After finding the line with "AMAZING 1980S-90S CONTEMPO" in the entries below, retype exactly each line from there through the line with "Limmobile : elegante", including that final line.

» Data under study
= = = = = = =
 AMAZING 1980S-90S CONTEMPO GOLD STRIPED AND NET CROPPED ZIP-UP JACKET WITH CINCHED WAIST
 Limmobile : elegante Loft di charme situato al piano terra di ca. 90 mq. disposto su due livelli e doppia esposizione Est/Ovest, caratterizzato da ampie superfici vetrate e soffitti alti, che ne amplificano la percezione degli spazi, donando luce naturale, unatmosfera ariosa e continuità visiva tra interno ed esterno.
= = = = = = =
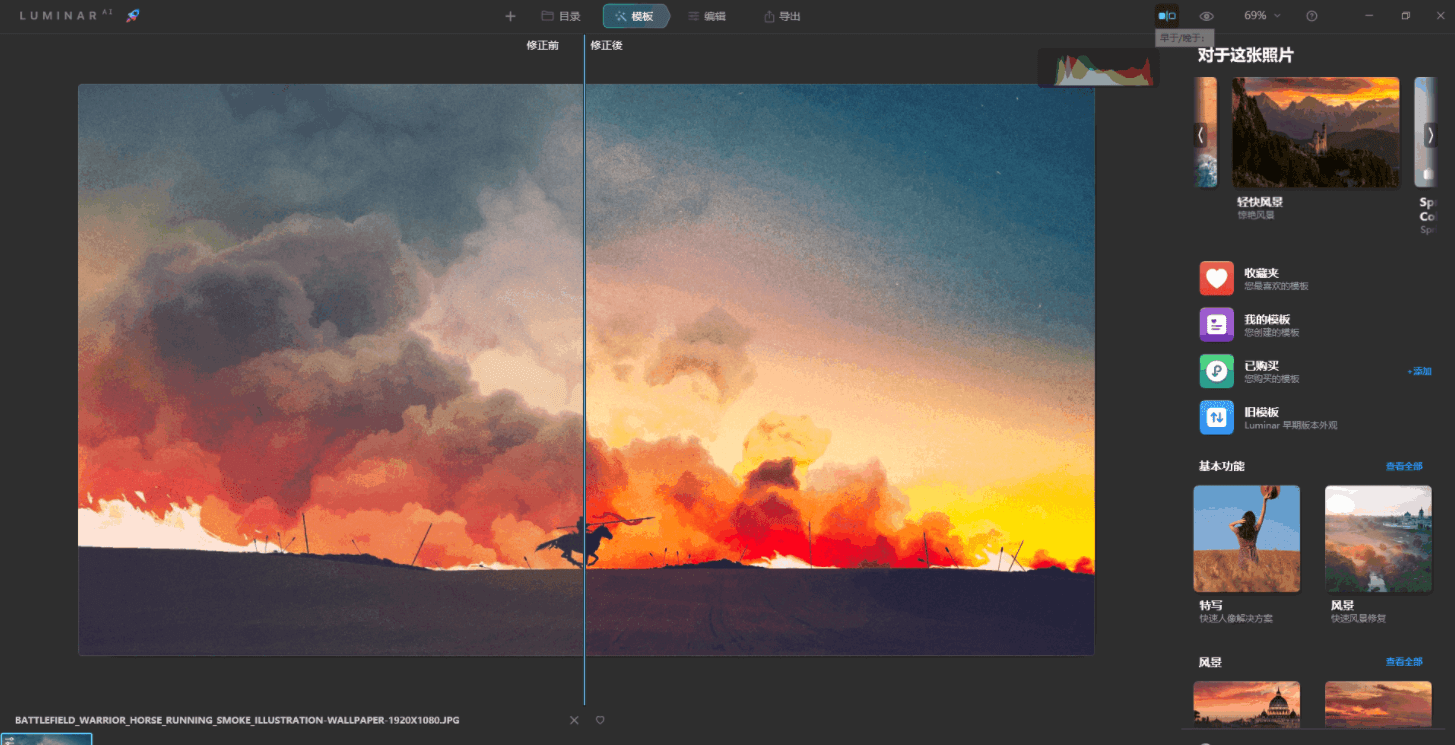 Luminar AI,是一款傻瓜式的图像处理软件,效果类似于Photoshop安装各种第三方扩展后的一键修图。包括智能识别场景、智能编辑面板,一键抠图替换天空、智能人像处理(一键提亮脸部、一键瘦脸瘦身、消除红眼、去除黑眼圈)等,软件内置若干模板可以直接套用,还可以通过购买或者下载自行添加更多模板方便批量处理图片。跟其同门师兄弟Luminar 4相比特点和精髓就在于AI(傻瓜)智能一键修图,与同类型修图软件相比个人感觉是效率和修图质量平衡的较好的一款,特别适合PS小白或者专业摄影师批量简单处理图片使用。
= = = = = = =
» Reply to the task
 AMAZING 1980S-90S CONTEMPO GOLD STRIPED AND NET CROPPED ZIP-UP JACKET WITH CINCHED WAIST
 Limmobile : elegante Loft di charme situato al piano terra di ca. 90 mq. disposto su due livelli e doppia esposizione Est/Ovest, caratterizzato da ampie superfici vetrate e soffitti alti, che ne amplificano la percezione degli spazi, donando luce naturale, unatmosfera ariosa e continuità visiva tra interno ed esterno.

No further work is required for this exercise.